*EXERCISE REQUIREMENTS*.
Reproduce only the lines of the material below that start at the line containing "Hoyt-Sullivan Park, Somerville" and stop at the line containing "25th of April Bridge / Jeronimos Monastery". Keep both end lines.

*DATA TO USE*.
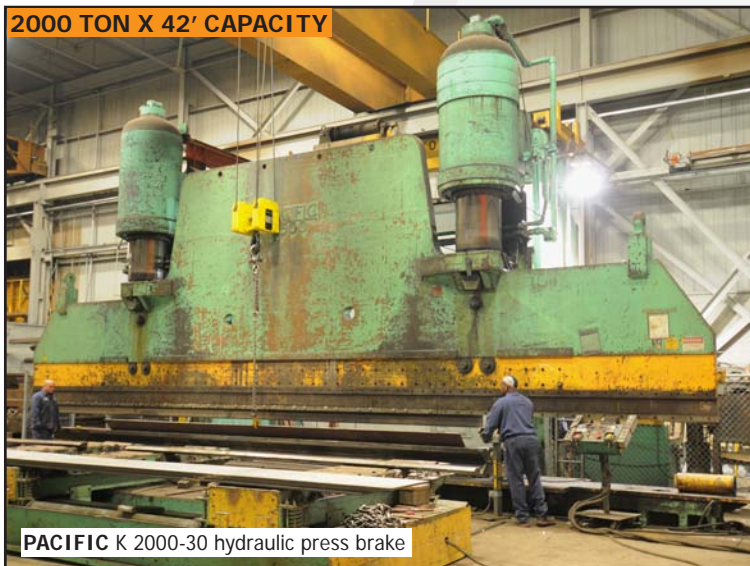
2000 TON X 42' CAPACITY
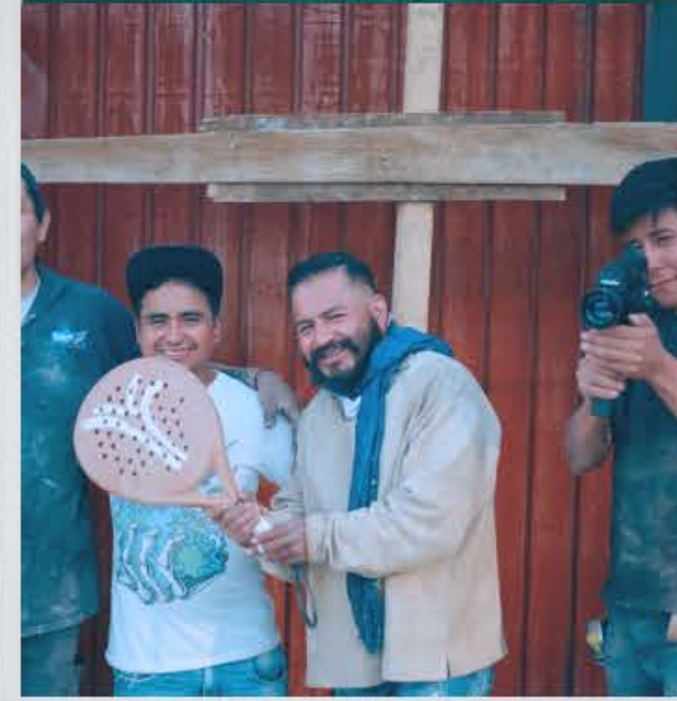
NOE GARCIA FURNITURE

---

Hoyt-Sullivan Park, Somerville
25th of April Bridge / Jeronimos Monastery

*FINAL ANSWER*.
Hoyt-Sullivan Park, Somerville
25th of April Bridge / Jeronimos Monastery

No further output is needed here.